When three members of the Denver Public Schools Board of Education issued a press release last week asking District officials to respond to questions about interest rate swaps entered into in 2008, the point wasn't to politicize the issue. The point was that all three school board members worried that the deal, designed to support requirements associated with the District's teacher retirement system, was costing schools millions of dollars.
All three board members signing the press release had asked for more information about the transactions and received nothing in return from the District's superintendent, Tom Boasberg, or his predecessor, Michael Bennet. One member, Jeannie Kaplan, says she's been asking for information for 18 months, in Board executive sessions, at Board meetings, and via e-mails to Boasberg and Bennet.
Boasberg claims he never received any such request. You be the judge.
"I'll take responsibility for having voted for the 2008 bonds. I should have understood them better," Kaplan told me last week. "I just want to know where we are now, and no one will answer that question."
Kaplan is pretty generous here. Michael Bennet oversaw a multibillion dollar merger and acquisitions deal while working for billionaire Phillip Anschutz. Bennet's Chief Operating Officer, Tom Boasberg, was Group Vice President for Corporate Development at Level III. I'm not sure what Kaplan was supposed to know that these guys didn't tell her.
For asking her questions about the status of the transactions, the Denver Post wrote the headline, "Kaplan clueless then, now." This headline accompanied a commentary written by Susan Greene on March 16. Greene wrote Kaplan "carped" that all she and the other two Board members were trying to do was "get the facts."
Wouldn't you want to know the facts in Kaplan's shoes? Wouldn't you be interested in the long-term fiscal viability of the District? I know I would.Based on the offering document for the 2008 retirement system bonds, the $750 million raised by the effort was to be used for the following purposes:
- $314,929,662 to refinance debt being carried by DPS at an 8.5% interest rate
- $397,800,000 to fully fund the teacher's pension fund
- $37,270,318 for fees, escrow accounts, and the like
It's also interesting to wonder this: would the school board have approved the transaction had its members been told that DPS would lose $1.3 million in the 1st month of the deal? How about, based on interest rate trends and economic conditions related to the housing market, DPS was likely to lose money for the next 2 to 5 years? Bennet and Boasberg should have known both of these facts based on interest rates and the structure of the deal they had just arranged.
But the Board of Ed wasn't told either of these risks. What Bennet and Boasberg told Board members was that the deal would save the District $20 million per year and that money could be put back into the classroom. Bennet said the same thing to A Plus Denver a month later, while he was losing $1.3 million in the deal's 1st month.
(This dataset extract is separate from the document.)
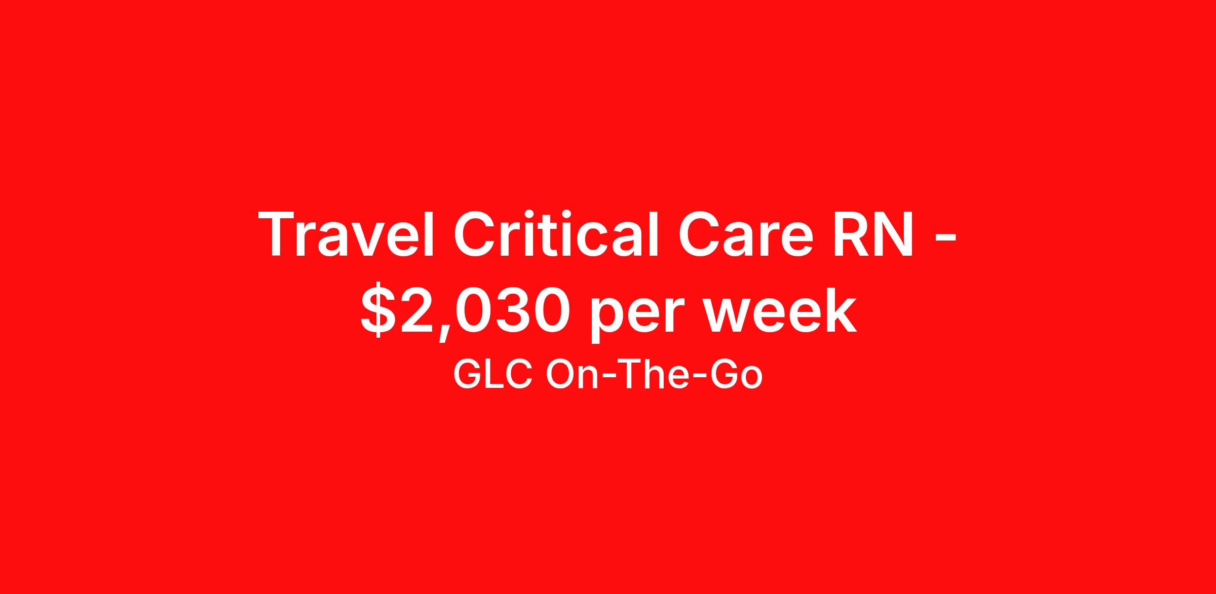 GLC On-The-Go is seeking a travel nurse RN ICU - Intensive Care Unit for a travel nursing job in Alexandria, Louisiana. Job Description & Requirements Specialty: ICU - Intensive Care Unit Discipline: RN Start Date: 03/30/2026 Duration: 13 weeks 36 hours per week Shift: 12 hours Employment Type: Travel GLC is hiring: RN CCU/ICU - Alexandria, LA - 13-week contract GLC – Named Best Nurse Agency 2024–2025 We connect nurses, nursing professionals, and allied health professionals like you to contracts that align with your skills, schedule, and career goals. About this Assignment Join the care team in CCU/ICU where you’ll provide patient-centered care in a collaborative environment. Typical responsibilities include direct patient care, timely documentation, and coordination with the care team. Specific duties will be confirmed during your interview with a recruiter. Assignment Details Location: Alexandria, LA Assignment Length: 13 weeks Start Date: 03/30/2026 End Date: 06/28/2026 Pay Range: $1,827 - $2,030 Minimum Requirements Active license in CCU/ICU 1 year full-time RN, CCU/ICU experience within the last 2 years What you can expect from GLC Weekly on-time pay with direct deposit Transparent communication, clear assignment details, and recruiter support from start to finish - or extension Referral bonus up to $500 Health, dental, and vision insurance 401(k) plan Completion and signing bonuses may also be available Ready to move forward? Apply now and start your rewarding journey with GLC - a recruiter will connect quickly to review pay , start date , and assignment details so you can make the best decision for your next contract. GLC On-The-Go Job ID 504459. Pay package is based on 12 hour shifts and 36 hours per week (subject to confirmation) with tax-free stipend amount to be determined. Posted job title: 41101 - Travel: RN - Critical Care - DAYS About GLC On-The-Go GLC is more than just a staffing agency – we’re your trusted partner in finding travel, local, and PRN contracts that align with your career aspirations and lifestyle. We specialize in connecting travel nurses and allied healthcare professionals like you with opportunities in acute care, long-term care, behavioral health, and allied fields across the U.S. Our attentive and friendly recruiters are always just a call or text away, ready to guide you at every step, ensuring you feel valued and heard. We understand the unique needs of travel healthcare professionals, which is why we offer comprehensive benefits and 24/7 support. Join GLC, where our 20 years of experience mean we know how to help you find the assignments that turn your career goals into reality. With us, it's not just a placement – it's your dream career made possible

Boasberg keeps saying it now.
To head off what the Denver Post called a "flap" after the press release was issued, Boasberg gave Board members a spreadsheet last Monday night during a school board working session. This spreadsheet reportedly answered questions asked by Boasberg's three "disgruntled" bosses. (Boasberg's words, not mine.)
Upon receipt, Board member Andrea Merida said to Boasberg, "We'll have to get back to about this. Your numbers aren't the same as ours."
Boasberg's spreadsheet does not include costs associated with DPS' interest rate swaps. It doesn't include the costs of the short-term purchase agreement executed by DPS when it couldn't sell its bonds. It doesn't include all the fees associated with just getting the deal off the ground.
Worst of all, the spreadsheet is predicated on DPS having refinanced $750 million dollars from an 8.5% interest rate to a 4.859% interest rate. Of course, we know that only $315 million in debt was actually refinanced, not $750 million.
Using the numbers Boasberg did provide in the spreadsheet, DPS has spent $55,950,147 to date on the 2008 transactions. The District has not saved $18 million, as Boasberg reported on AM 760 here in Denver last Friday.
This $56 million does not include what could be as much as $100 million in losses associated with interest rate swaps ($48 million), fees ($37 million reported in the bond offering document plus an estimated $18 million sent to the short-term purchase agreement party), or sundries associated with this, that, and the other thing.
Boasberg's response to these issues? "No, we refinanced $750 million."
That's what he told Kaplan and Merida after the March 18 school board meeting when asked about the discrepancy.
When Michael Bennet was hired as DPS superintendent, everyone said it was because Denver's schools needed Bennet's solid business experience and perspective. Bennet brought in a whole team of people from business. They sat in their offices counting beans, creating strategies, spinning news. Meanwhile, the CEO and his COO were playing poker with the public's money against the likes of JPMorgan.
Boasberg and Bennet are just like most other CEOs in America. It's not about what's good for the company or its customers, in this case the kids, teachers, and taxpayers of Denver. It's about making your money and moving on. If you're lucky, you get to play a few games along the way.
But then the accountants start asking for a reckoning. Now, for Tom Boasberg, it's about saving your own skin ... or the skin of your one-time boss who's now the junior senator from Colorado.